Although “97 percent or more of actively publishing climate scientists agree [that climate change is real]” (“Scientific Consensus: Earth’s Climate Is Warming.”), some people are still not prepared to give credence to anything corroborating the premise that Earth’s climate is changing. To bolster their claims, views, and assertions, these people propound such arguments as “Ice storm rolls from Texas to Tennessee. . . . [Climate change] is a total, and very expensive, hoax” (Trump)! Such statements might seem persuasive in a sense that they adduce things that are obvious––for example, ‘ice storms’––to discredit phenomena that are not particularly palpable––for example, ‘climate change’––but it should be noted that not based on any sound evidence, these statements do not constitute a valid, compelling argument.

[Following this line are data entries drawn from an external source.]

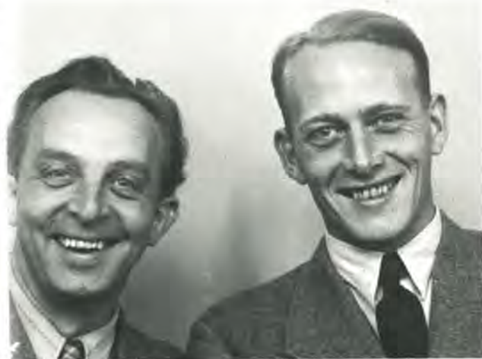
To politifolk, hvis navne m.v. efterlyses.

Hjemmeværnet i Klampenborg er et ægte barn af modstandsbevægelsen. Kompagniet kan datere sine rødder tilbage til 1944, hvor det startede som en modstandsgruppe. Efter krigen blev det til en Hjemmeværnsforening, og ved oprettelsen af det statslige Hjemmeværn i 1949 fik kompagniet sin nuværende betegnelse.
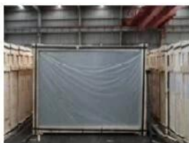
Front of crates
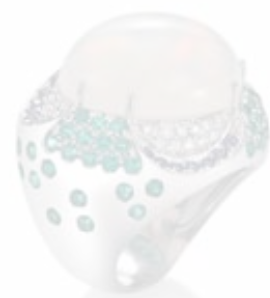
Ring von Mangiarotti aus Weißgold 750 mit Opalstein, Diamanten, Saphiren und Smaragden

Man trägt ihn!!! Bei Verunreinigungen kann man ihn kurz mit lauwarmem
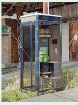
ヤスミ建材(株)事務所付近
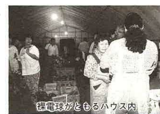
裸電球がともるハウス内

市に出す野菜を袋詰めして、朝は家族の朝食を整えてから家を出るので、眠る間がないそうです。ビニールハウスの中は、両側に置かれた台の上に13軒分の番号札が下がり、その下に各農家の野菜が並べられています。ビニール袋に入った野菜にも番号と値段が付られています。1袋100円が基本。6年前から値段は変わっていません。売上げは、1日で10万円を超えることもあるそうです。土曜市の人気は、トマト、メロン、スイカなど。切り花も人気の一つ。人気があつたという間に売り切れしてしまいます。取れたて野菜の新鮮さと値段の安さで好評な商いが続いている「土曜日」。

Calling climate change a hoax merely because it is not easily observable is tantamount to asserting that gravity––contrary to what scientists contend––does not exist, for one cannot see it. Moreover, arguments like the one cited above verge on the logically fallacious because they misrepresent what the scientific community says about climate change; for example, the argument cited above suggests that according to scientists, climate change has already become so grave and severe that no more ice storms would be seen anywhere on Earth. However, the sole argument scientists make as regards to climate change is that although climate change has not become uncontrollably fierce, it is indeed occurring, and if we do not handle it right now, it would spiral wildly out of control. That the deniers of climate change resort to specious arguments to substantiate their stance illustrates their untenable position.

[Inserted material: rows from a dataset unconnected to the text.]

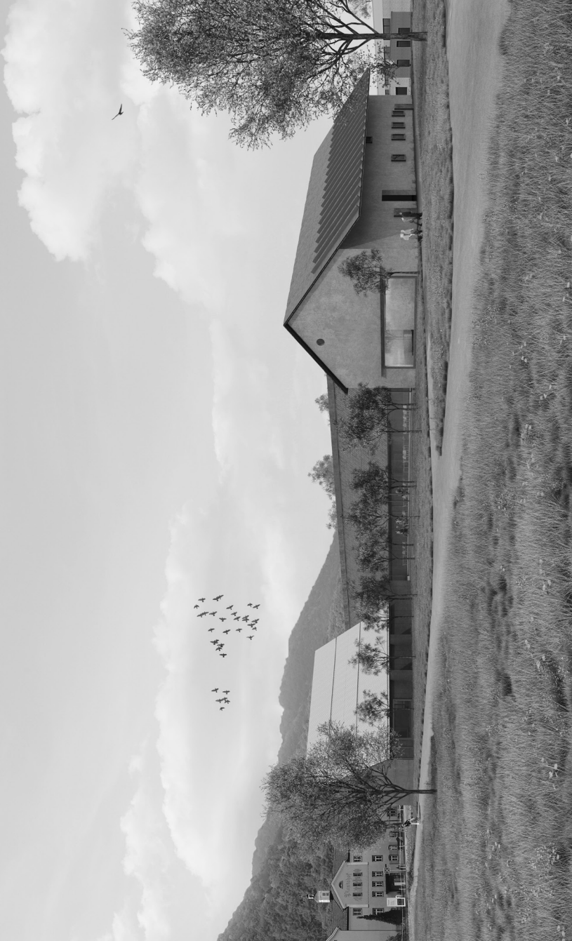
Il Plantahof cun l'edifizis administrativ existent, cun l'auditori Weber sco er cun la sala e cun la cuschina futura (da sanestra a dretga)
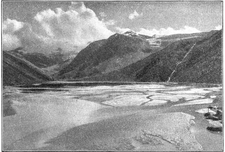
Der Mattmarksee am Monte Moro-Pass.

So haben wir die hauptsächlichsten und einft weitaus gefährlichsten Walliser Gletscherseen geschildert. Es soll uns alle freuen, daß der geniale Einfall eines Einzelnen und der freundeidgenössische Sinn die Walliser von der fürchterlichen Plage der Gletscherseen befreiten. Noch bereiten ihnen die Rufen und die Lawinen schwere Sorgen genug.
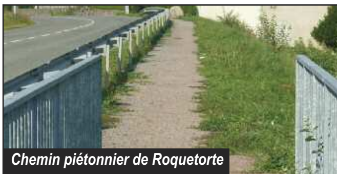
Chemin piétonnier de Roquetorte

Pour accentuer la sécurité aux abords de cet établissement, la collectivité a réalisé un plateau surélevé au niveau du carrefour de la route départementale n° 58 (en direction de Carbonat) et la rue de la cité du Puy Gioli.
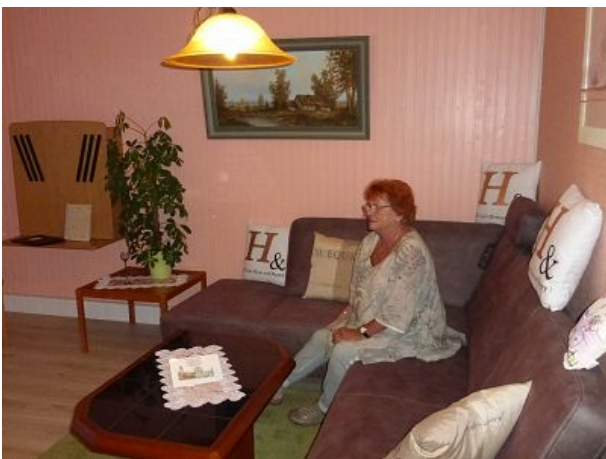
Die gemütliche Couch

Some critics decry the efforts being made to prevent climate change, maintaining that the slow rate that climate change occurs at makes adapting to it much more practicable than preventing it. However, as pragmatic as this argument seems, it is not. Because it uses only the fact that climate change occurs really slowly to infer that adapting to it is easy, demonstrating a total ignorance of a salient feature of climate change: uncertainty. The uncertainty related to climate change implies that it is very difficult to foretell whether the climate of a place would become drier or wetter as a result of climate change, a fact that renders the aforementioned argument entirely ineffective. “Adaptation is place and context specific, with no single approach for reducing risks appropriate across all settings” (Reilly), and “this fact alone raises the cost of adaptation, because to some degree each recipe needs to be invented anew. What worked in the past likely won’t work in the future…. And we need to process a lot of highly uncertain climate projections in developing the new recipe” (Reilly). Evidently, given the high cost of adapting to climate change, anyone would concede that it is much more reasonable and realistic to prevent climate change altogether than to adapt to it once it has foisted the catastrophes that it comes with upon us.

The Takeaway

Once one becomes cognizant of the destructive power of climate change, which can horribly jeopardize the future of humanity by disrupting the all-important water cycle and diminishing the agricultural output, one begins appreciating the fact that “no challenge poses a greater threat to [our] future generations than climate change” (“Remarks by the President in State of the Union Address | January 20, 2015”) and that taking a prompt action to deal with climate change does indeed need to be one of our prime concerns. Moreover, it becomes immensely clear that those who remain adamant that climate change is a fraud need to realize how unfounded their claims are and those who argue that it would be better to adapt to a changing climate than to prevent it must understand how the unpredictability associated with climate change makes adaption completely uneconomical. Our beautiful Earth, its atmosphere, and its climate constitute one of the most precious things that one generation of humans bequeaths upon the next, and we must realize that it is our duty––and a way of our proving ourselves humans––to pass this world to posterity as unsullied as it was when we received it from our forefathers.

Printed Work Cited
Hatfield, J. et al. “Ch. 6: Agriculture.” Climate Change Impacts in the United States: The Third National Climate Assessment (2014): 150-174. Print.